## PROBLEM TO SOLVE:
Reproduce exactly the lines from the start of the records through the line containing "Rich in Uriage", both included. Leave the pictures out.

## EXERCISE INPUTS:
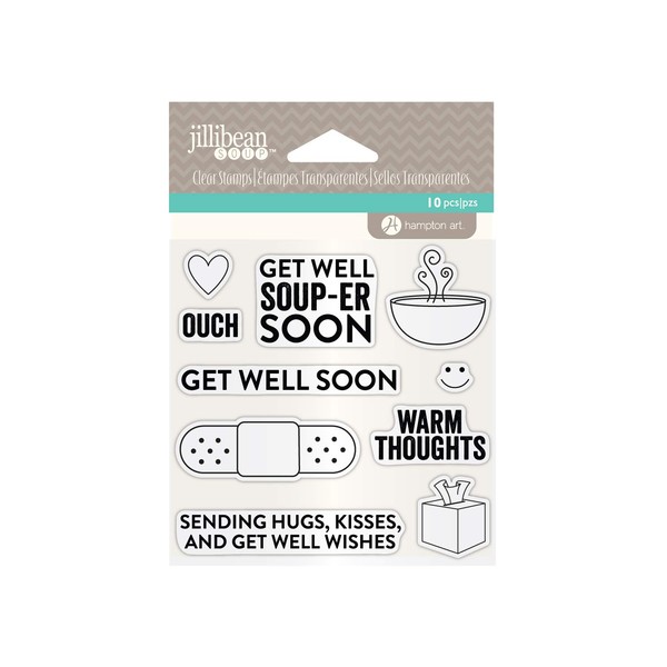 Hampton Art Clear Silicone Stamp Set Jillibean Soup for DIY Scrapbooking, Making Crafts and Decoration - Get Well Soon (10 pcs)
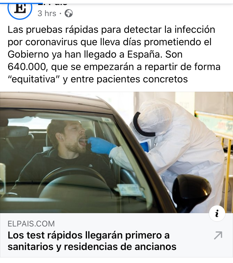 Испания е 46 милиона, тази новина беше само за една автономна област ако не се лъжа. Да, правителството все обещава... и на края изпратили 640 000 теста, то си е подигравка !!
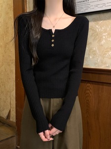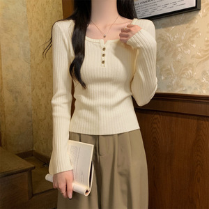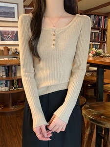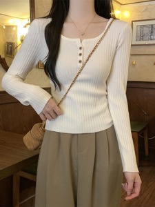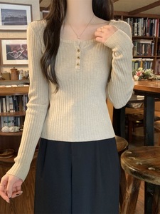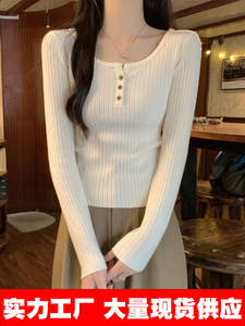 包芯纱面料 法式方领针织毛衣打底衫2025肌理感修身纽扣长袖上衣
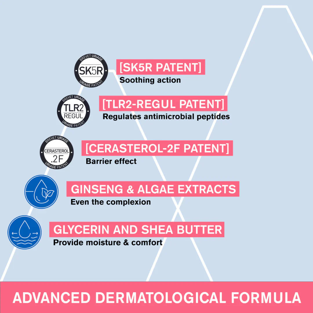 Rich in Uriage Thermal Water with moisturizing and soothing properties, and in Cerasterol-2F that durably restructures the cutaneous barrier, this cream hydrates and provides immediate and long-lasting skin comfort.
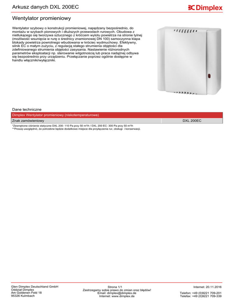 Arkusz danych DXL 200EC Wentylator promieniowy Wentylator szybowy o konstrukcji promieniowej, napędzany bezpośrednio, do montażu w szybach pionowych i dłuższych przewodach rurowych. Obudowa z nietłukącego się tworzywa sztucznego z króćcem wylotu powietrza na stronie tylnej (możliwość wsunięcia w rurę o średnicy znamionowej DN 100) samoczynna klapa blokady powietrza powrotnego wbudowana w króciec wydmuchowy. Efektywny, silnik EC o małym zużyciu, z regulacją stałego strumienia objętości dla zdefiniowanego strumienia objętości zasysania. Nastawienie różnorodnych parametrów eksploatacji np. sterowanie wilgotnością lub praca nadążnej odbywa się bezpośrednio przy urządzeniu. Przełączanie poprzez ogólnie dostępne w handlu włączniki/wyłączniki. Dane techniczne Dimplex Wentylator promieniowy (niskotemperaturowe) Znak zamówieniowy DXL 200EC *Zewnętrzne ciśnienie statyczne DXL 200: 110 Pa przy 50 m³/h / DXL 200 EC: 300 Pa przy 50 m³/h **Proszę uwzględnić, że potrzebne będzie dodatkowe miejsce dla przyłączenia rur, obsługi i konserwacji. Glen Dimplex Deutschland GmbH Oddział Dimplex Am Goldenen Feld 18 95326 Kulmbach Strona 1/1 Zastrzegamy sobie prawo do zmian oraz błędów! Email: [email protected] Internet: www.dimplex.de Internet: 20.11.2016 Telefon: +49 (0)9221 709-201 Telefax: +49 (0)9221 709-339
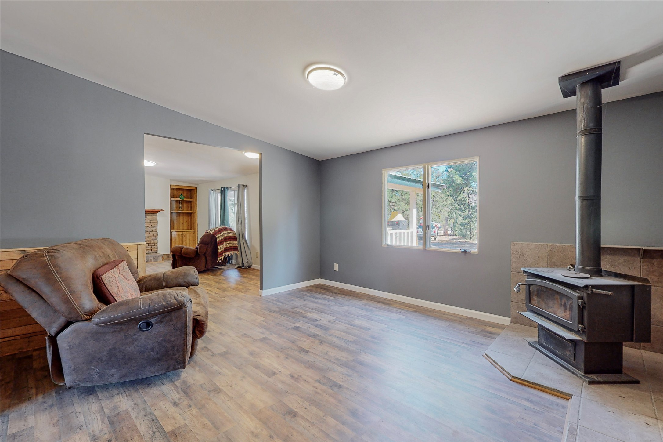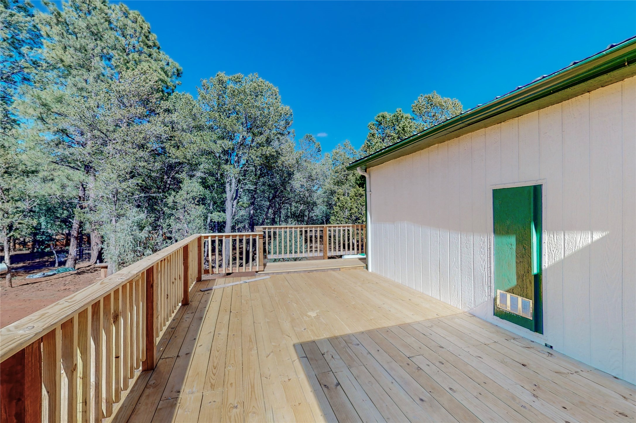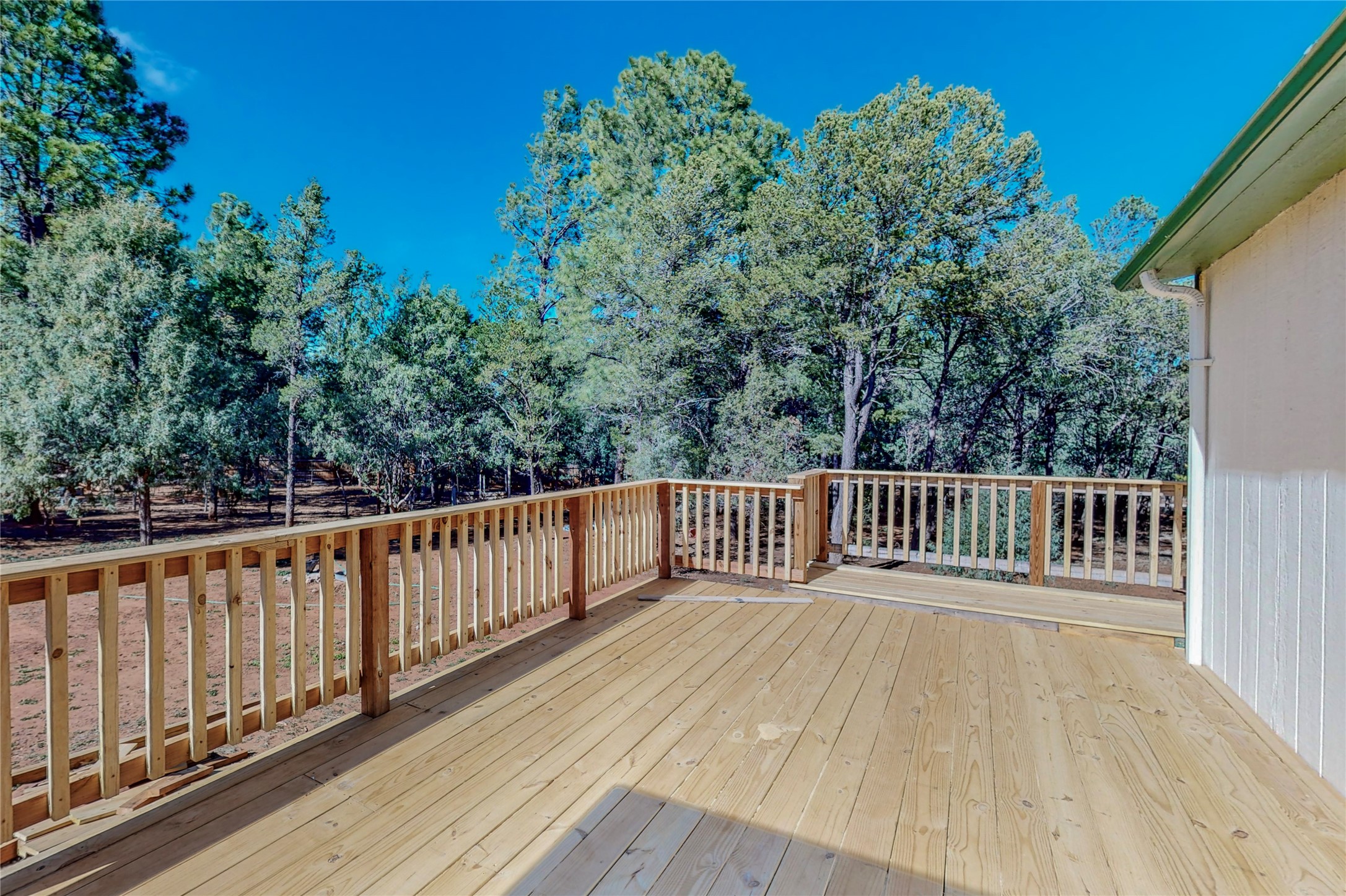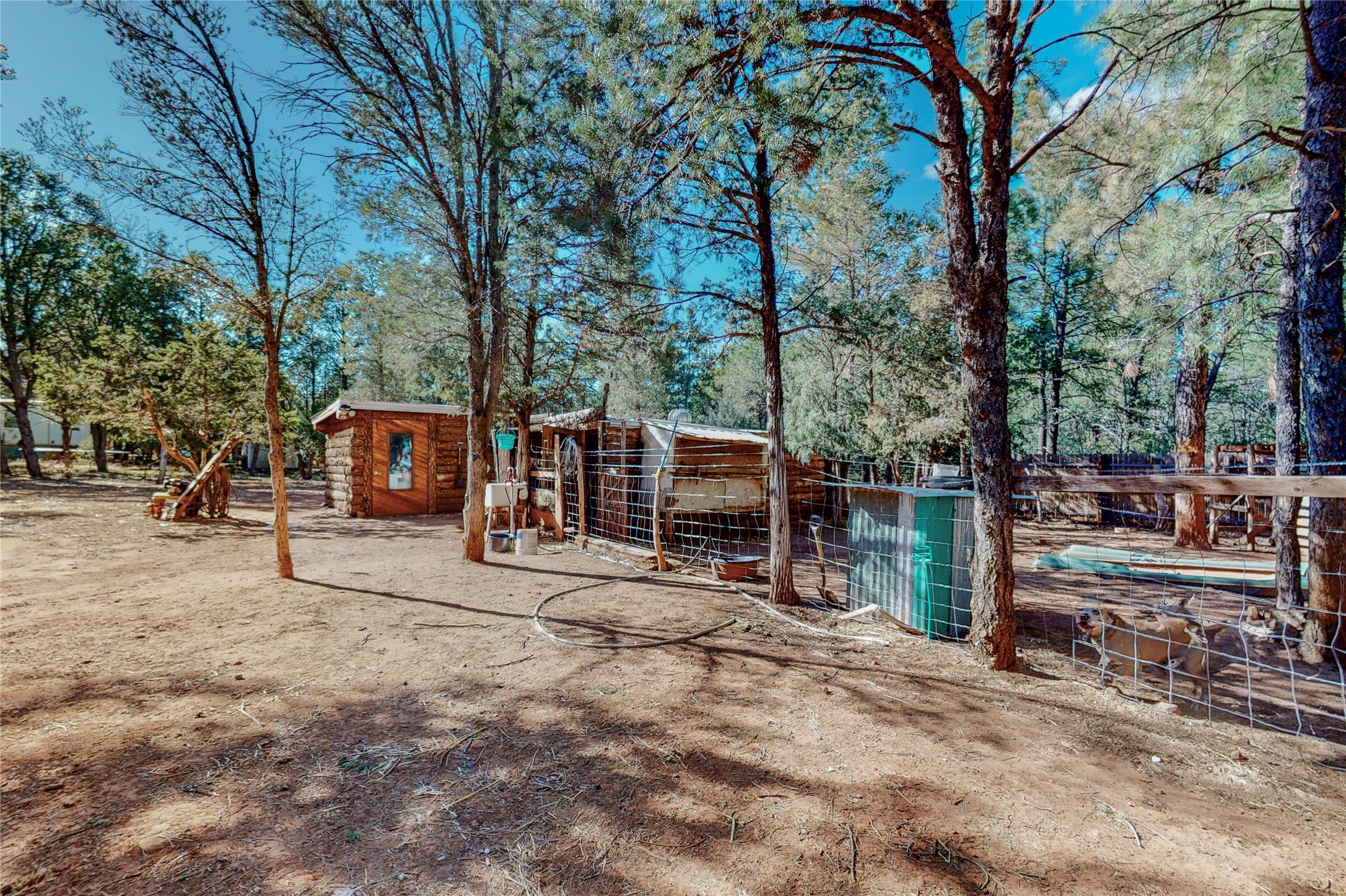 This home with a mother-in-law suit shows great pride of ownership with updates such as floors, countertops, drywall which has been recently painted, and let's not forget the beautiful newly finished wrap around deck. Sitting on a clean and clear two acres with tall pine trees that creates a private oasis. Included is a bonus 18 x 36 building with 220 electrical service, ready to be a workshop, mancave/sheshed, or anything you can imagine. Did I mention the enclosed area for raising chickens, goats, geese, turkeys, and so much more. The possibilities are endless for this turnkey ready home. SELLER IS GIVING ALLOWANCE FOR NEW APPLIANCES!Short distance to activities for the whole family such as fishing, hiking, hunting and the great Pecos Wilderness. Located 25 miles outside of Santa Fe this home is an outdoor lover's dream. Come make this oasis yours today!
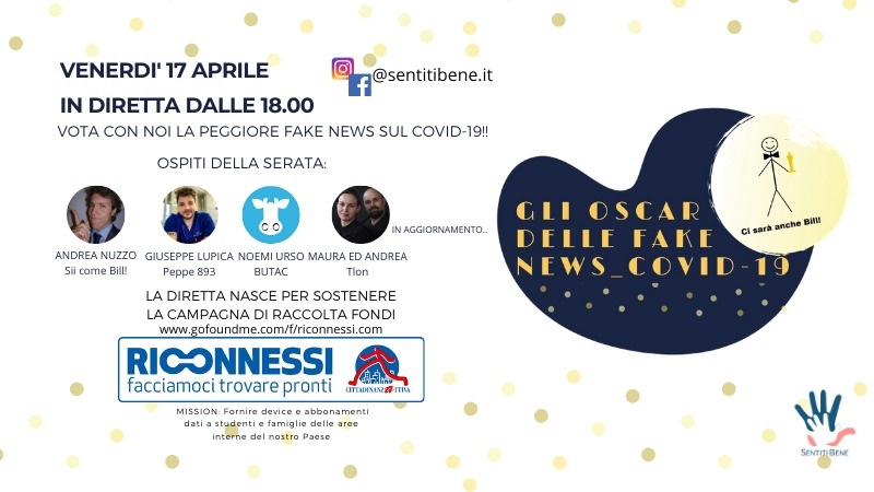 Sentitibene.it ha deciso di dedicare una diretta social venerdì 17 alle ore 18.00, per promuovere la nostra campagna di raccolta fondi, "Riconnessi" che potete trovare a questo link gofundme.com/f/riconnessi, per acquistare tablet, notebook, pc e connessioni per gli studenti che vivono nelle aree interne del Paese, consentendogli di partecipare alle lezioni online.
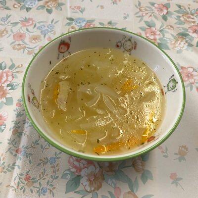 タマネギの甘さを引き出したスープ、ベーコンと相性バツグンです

## SOLUTION BELOW:
 Hampton Art Clear Silicone Stamp Set Jillibean Soup for DIY Scrapbooking, Making Crafts and Decoration - Get Well Soon (10 pcs)
 Испания е 46 милиона, тази новина беше само за една автономна област ако не се лъжа. Да, правителството все обещава... и на края изпратили 640 000 теста, то си е подигравка !!
 包芯纱面料 法式方领针织毛衣打底衫2025肌理感修身纽扣长袖上衣
 Rich in Uriage Thermal Water with moisturizing and soothing properties, and in Cerasterol-2F that durably restructures the cutaneous barrier, this cream hydrates and provides immediate and long-lasting skin comfort.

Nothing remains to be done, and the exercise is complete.